Enel, which is present in Chile’s power generation and distribution sector, contributed to the debate by presenting its experience in the development of intelligent management technologies for power grids.
“In the last ten years – explained Gianni Ceneri, Enel Global Infrastructure and Networks Network Technology head – we have developed and experimented with innovative power grids, giving way to so-called smart grids. A key element of these systems are smart meters, a technology that we continue to innovate, in order to define a new energy paradigm.
Our vision of the future is the creation of an energy model that is capable of integrating renewables into the distribution grid, by promoting their widespread use, and offering efficient services through the digitization of the distribution network. These solutions transform our clients’ role, allowing them to take on an active role rather than acting as passive consumers. These technologies allow us to put energy into users’ hands, enabling them to participate in the transformation of cities in more sustainable environments and Smart Cities,” in line with the “Open Power” approach that the organisation is adopting.
Digital meters allow you to collect and process huge amounts of data to inform customers about their consumption, thus providing them with the necessary tools to choose the most suitable rates for their needs, therefore reducing consumption, emissions and costs and allowing customers to increase energy efficiency. Thanks to the digitisation of the network and to smart meters, we can reduce the response time in case of malfunction and expand our range of services, with increasingly “smart” solutions: from charging infrastructure for electric vehicles to the management of small self-production facilities from renewable sources, and from a selection of lower rates to the remote management of home appliances, air conditioners and lighting facilities.
The technologies that we presented in Santiago – Ceneri highlighted – have aroused great interest, although they are not new to the South American country.”
Through its subsidiary Chilectra, Enel has recently launched the first phase of a Smart Metering programme in the Chilean capital, involving the installation of 50 thousand smart meters for residential customers in the year 2016, while supplying technological solutions for their remote management. This is just the first step to demonstrate to the community and to institutions Enel Group's desire to standardise this technology in all of the countries in which it operates.

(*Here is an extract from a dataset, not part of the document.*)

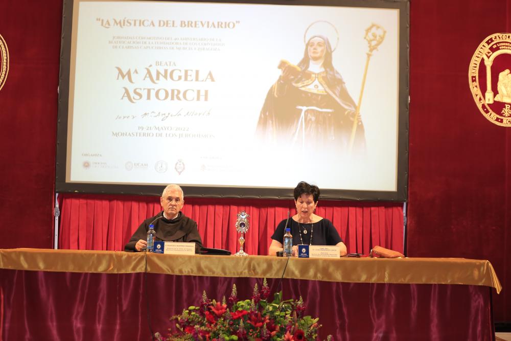 Un amplio colectivo de la comunidad universitaria de la UCAM y hermanas capuchinas de diferentes puntos de España, han asistido hoy a la segunda jornada de los actos conmemorativos del 40 aniversario de la beatificación, por san Juan Pablo II, de Sor Mª Ángela Astorch, que se celebra hoy viernes en el Campus de Los Jerónimos. José Luis Mendoza, presidente de la UCAM, ha resaltado durante los actos que “es importante que los murcianos valoremos la gran figura de la fundadora del convento de las Capuchinas, en esta preciosa jornada en homenaje a esta gran santa, maestra de vocaciones, llena de espiritualidad”.

Another part of the project is the Smartcity Santiago initiative in the Huechuraba neighbourhood, where a Smart City prototype has been developed, focusing on the use of sustainable energy and digital technologies to improve the quality of life, as well as urban environments. Based on this experience and leveraging the Smart Metering solution under development, the Smart City paradigm is being evaluated for extension to other areas of Santiago.
A series of initiatives that raise awareness on these key issues among stakeholders, starting from local institutions and authorities. To promote the spread and application of these smart technologies, we must start from a regulatory system that is capable of promoting them and opening the sector to all the players concerned.
To create a sustainable future rules must evolve and keep up with innovation.